BEGIN

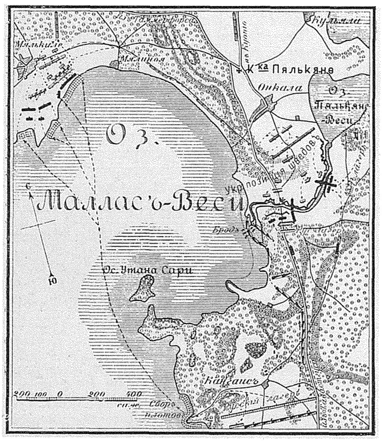 Pälkäne
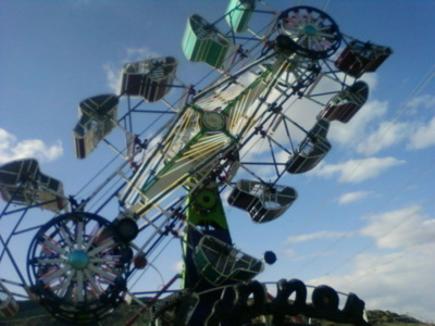 One of the oldest models from the 70's
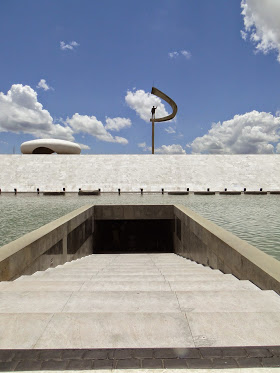 Enterence to JK - Memorial
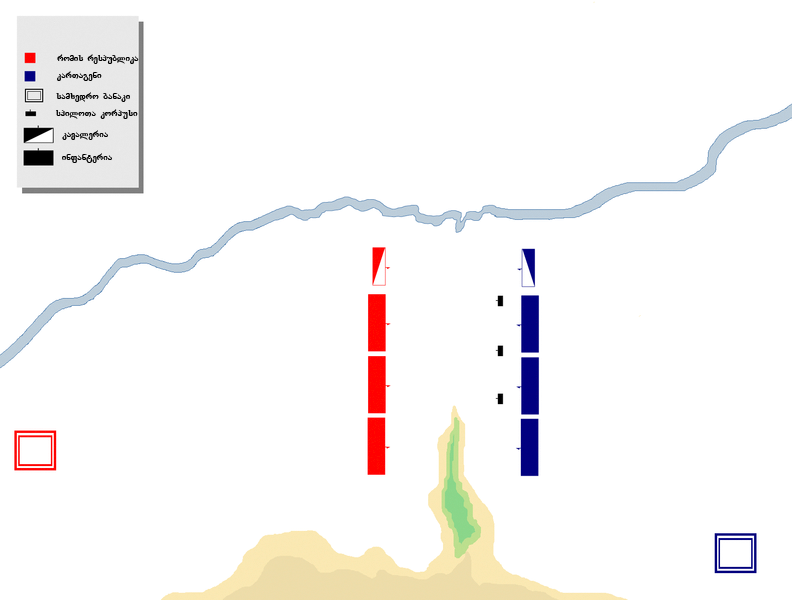 Battle of Metaurus
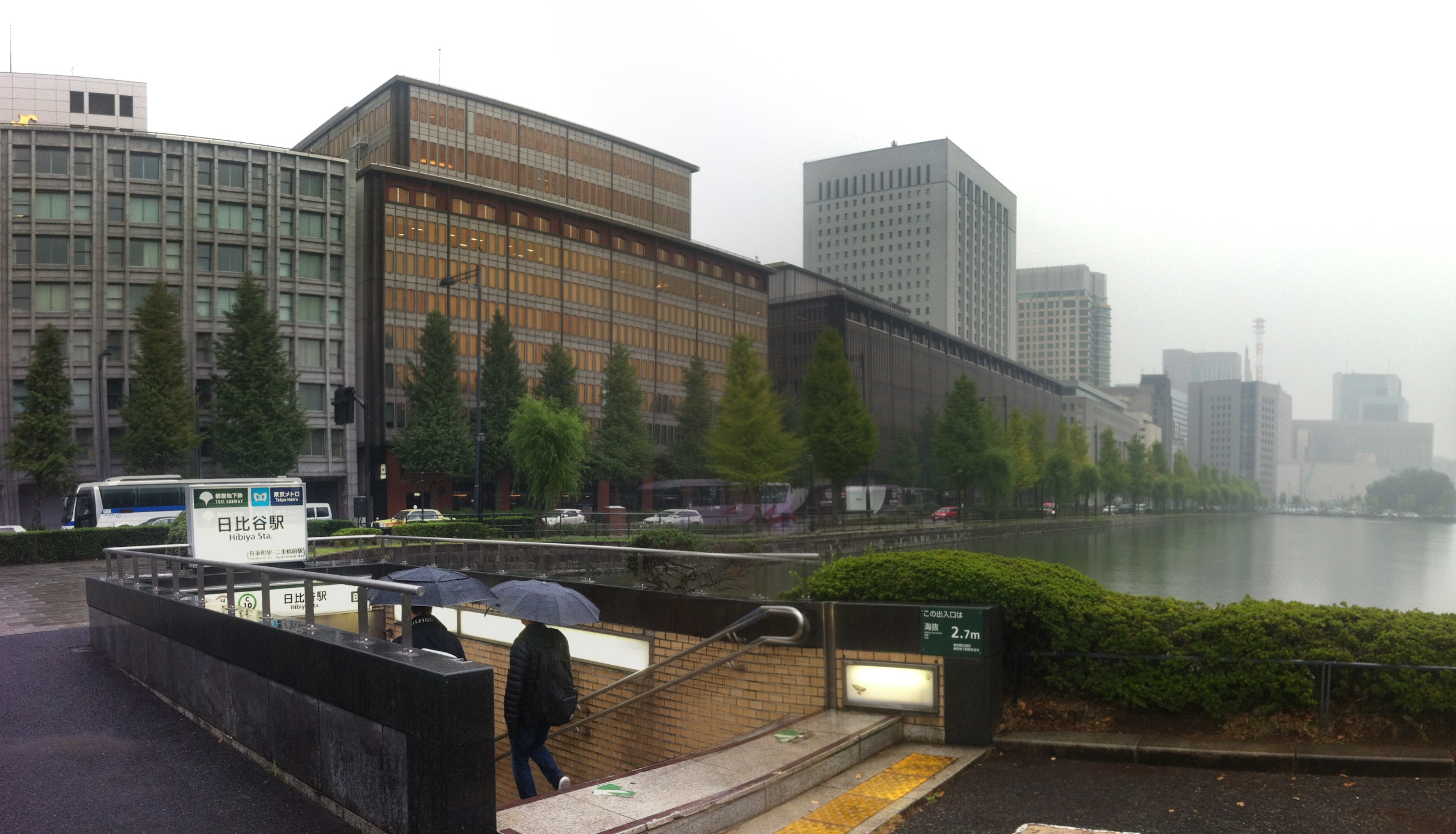 日比谷駅の出口、雨の日 Hibiya Station exit, rainy day

END

What to produce: The entries above should be reproduced exactly, without their pictures.

Result of the exercise:
 Pälkäne
 One of the oldest models from the 70's
 Enterence to JK - Memorial
 Battle of Metaurus
 日比谷駅の出口、雨の日 Hibiya Station exit, rainy day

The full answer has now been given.